Chocolate Agar (when used for fastidious organisms like Haemophilus spp. if not fully validated by the vendor) Selective media for specific fastidious pathogens Core Quality Control Parameters Detailed in M22-A3 clsi m22a3 pdf

: M22-A3 is currently considered an archived standard by CLSI. Many laboratories now transition to using an Individualized Quality Control Plan (IQCP) as outlined by CMS to manage their media QC.

("Quality Control for Commercially Prepared Microbiological Culture Media; Approved Standard—Third Edition") is the primary, authorized standard providing guidelines for the quality control (QC) of microbiological media.

: For media not on the exempt list, laboratories must perform on-site testing for growth, selectivity, inhibition, and biochemical responses. Standardized Organisms : It specifies well-characterized bacterial strains, often strains, that must be used for QC testing. Clinical & Laboratory Standards Institute | CLSI Responsibilities and Implementation

Are you testing media or commercially purchased ? if not fully validated by the vendor) Selective

Guidelines for manufacturers regarding production consistency and validation.
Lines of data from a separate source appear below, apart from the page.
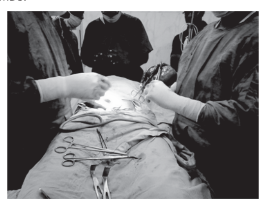
Figure-3: Specimen of tumour after resection.

Total abdominal hysterectomy with excision of the tumour (Fig-3) was done. Abdomen was closed with a drain. His external genitalia were further examined. Penis and scrotum were well developed, scrotum contains soft tissue like structure, no testis was found. Specimen sent for histopathological examination. He was diagnosed as a case of PMDS.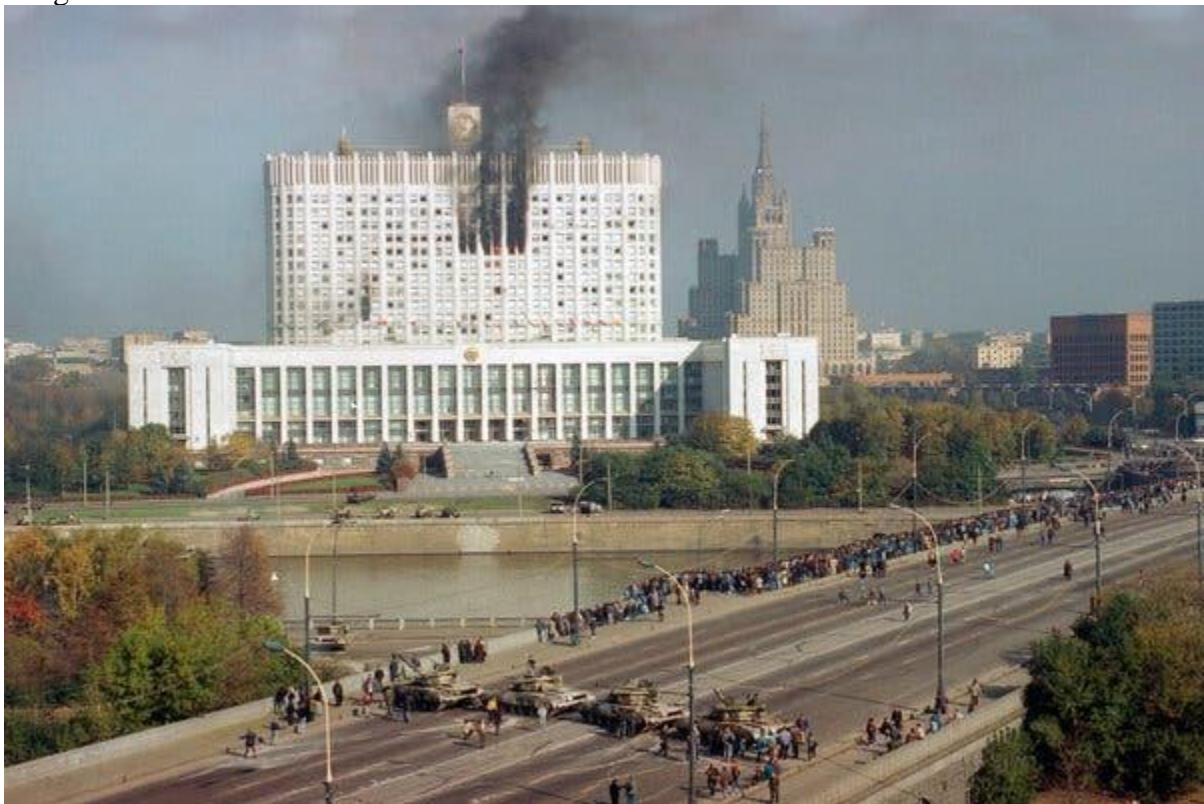
In 1993, Boris Yeltsin, Mr. Putin's predecessor, ordered Russia's Parliament shelled to put down an insurgency.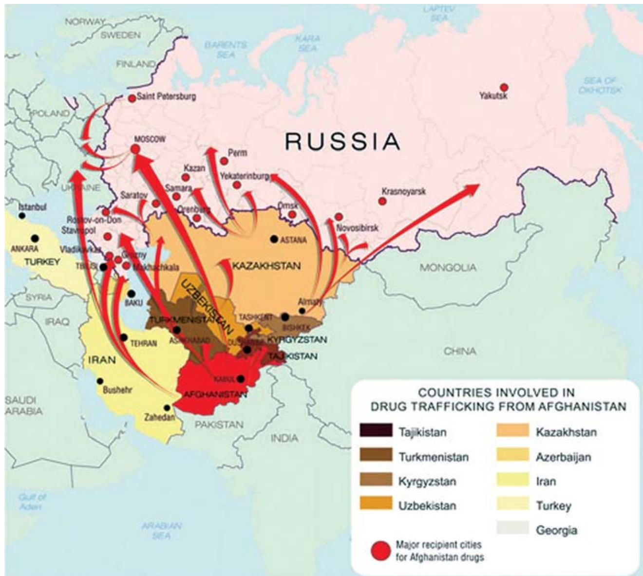
FIGURE 1 Main Routes of Heroin Trafficking from Afghanistan to Russia

Institute for Demography, Migration and Regional Development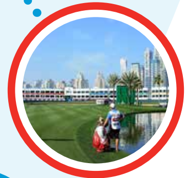
Emirates Golf Club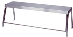
Deluxe Serving Shelf - 956-460-x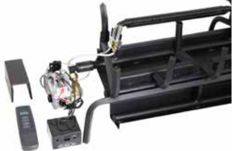
Assembled burner natural gas with millivolt and remote system. 3BRN-##-***-MVK-GCRK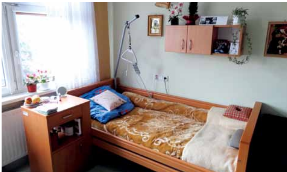
One of the residents' rooms (SCC in Poznań)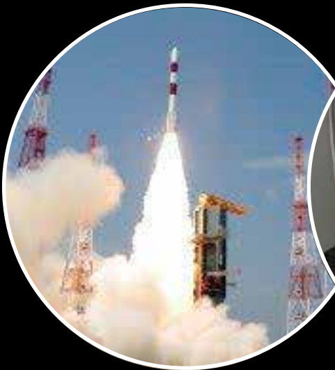
VIKRAM SARABHAI SPACE CENTRE, ISRO TRIVANDRUM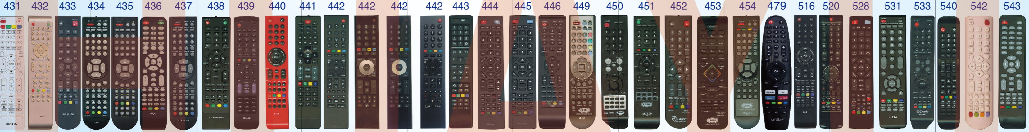
431 ORION LCD TC1860F1-RS 432 JH-11370 433 LED-851 434 RC-D3 435 YC-53 436 STV-22LED5 437 LED-DH720BF 438 DNS M28AM8 439 051D RED 440 33585 441 RC33729 442 HOB842 442 34090 442 34091 443 RC31277 444 Fusion RC25b 445 RCF23b 446 RC-E23 449 AKI AK61 450 AKI LCD AK66 451 AKI LCD AK68 452 AKI-OND IGO LCD 453 ONIDA LCD 454 ONIDA LCD ON87 479 Muller RC1818 IR-V1 516 051D BLACK 520 SNOWA 51163 528 BLAUPUNKT J-1274 531 RM-SK09 533 MERTER 33186 540 BRAVIS LED-1615 542 Marshal ME-2409 543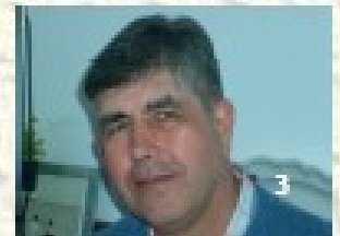
Image by Hart, Francis Russell. (from old catalog) [No restrictions], via Wikimedia Commons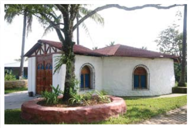
Xiberta Formation Center - Encouragement and Hope for Seminarians

Your prayers and your support are needed NOW more than ever.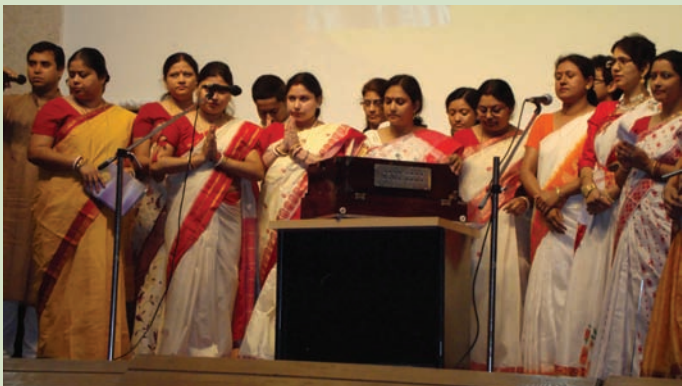
Campus residents performing during Rabindra Jayanti celebration

The 150th Birth anniversary of Rabindra Nath Tagore, the first Nobel laureate of India in literature was celebrated by the IIT Club on 15 May 2010. Members of the IITG fraternity participated in the function. The cultural programme included dance performances by a group of campus children based on Rabindra Sangeet, chorus, recitation of poems penned by the maestro and rendition of a few Rabindra Sangeet.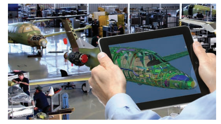
The full value of the digital twin can be realized by its support for product design, manufacturing process planning and production.

Today we can support digital twins for product design, manufacturing process planning and production using the Smart Factory loop and via smart products.

It is not uncommon to encounter websites that claim to offer a free PDF of CLSI M22‑A3. These are and are often incomplete, corrupted, or infected with malware. Using such copies may violate copyright laws and could put your laboratory at risk of using incorrect or outdated information.
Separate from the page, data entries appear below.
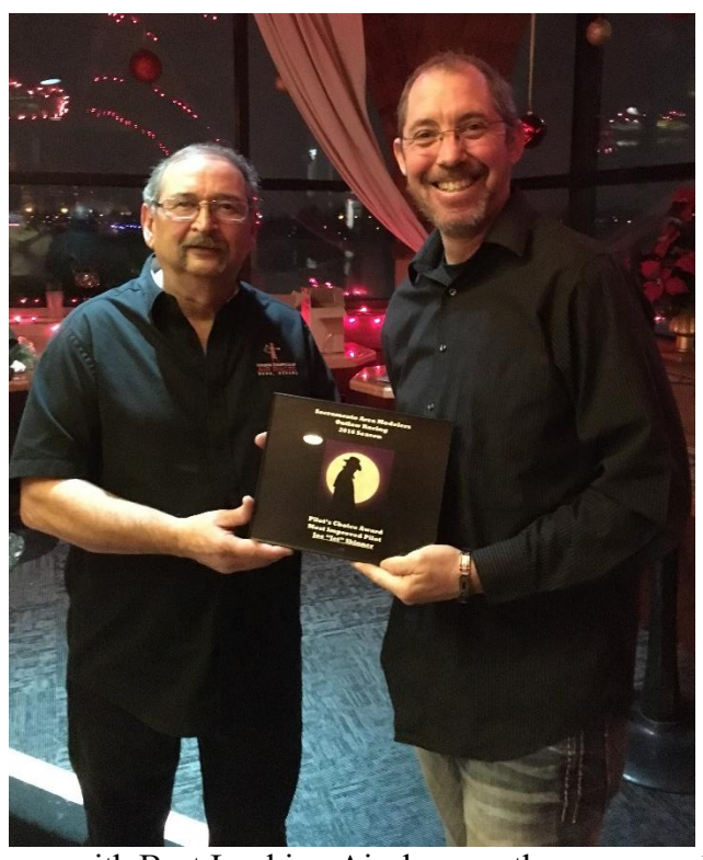
"Joe Jet" also walked away with Best Looking Airplane on the year – and yes "Hollywood" was jealous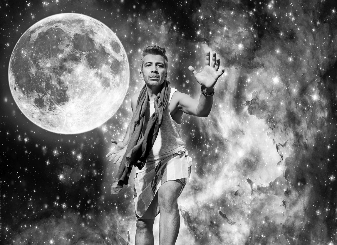
Onelight Theatre's promotional image for Asheq: Ritual Music to Cure a Lover .

we were facing, and it was suggested that Onelight find a way to create our allies” (Personal 2018). Establishing the Prismatic Arts Festival was, Sayadi and Stewart decided, one way to create their allies — that is, to help develop networks of artists, audiences, cultural workers, and sponsors in the region and across Canada committed to promoting and producing works by Indigenous and culturally diverse artists.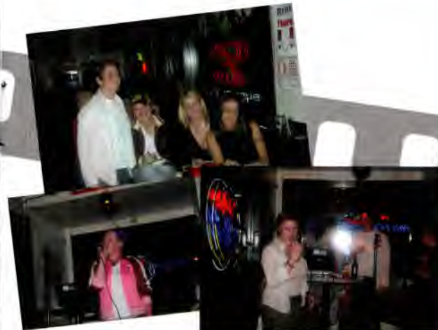
Karaoke Party @ the Pint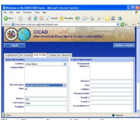
The "Change Passworld" tab allows you to define a new password for accessing the system. You will then be able to log on and change any information in your profile.

To select a specific document, click on the description.

is a copyrighted document and typically requires a purchase: Official Source : Available directly from the Standards Stores : Can be found at the ANSI Webstore Accuris Standards Store Free Previews : Limited previews are often available via the ANSI preview page to view the table of contents and scope. Clinical & Laboratory Standards Institute | CLSI typically exempted under this standard?

: Users must still perform visual inspections for physical defects (e.g., dehydration, bubbles, or contamination) and monitor storage conditions, even for exempt media. Document Structure regardless of the manufacturer’s certificate.

: It is still the gold standard for many international laboratories. US Laboratories (CLIA)

For laboratory directors, technicians, and manufacturers searching for the , understanding the core principles, exemptions, and compliance strategies outlined in this standard is essential for regulatory adherence and patient safety. What is CLSI M22-A3?

CLSI M22-A3 standard, titled "Quality Control for Commercially Prepared Microbiological Culture Media," is a critical document for ensuring the reliability of laboratory results through standardized media testing. Released in June 2004, this third edition provides a framework for both manufacturers and end-user laboratories to manage the quality of ready-to-use culture media. Clinical & Laboratory Standards Institute | CLSI Core Purpose and Scope

The end-user laboratory must perform full quality control testing on every new lot or shipment received, regardless of the manufacturer’s certificate.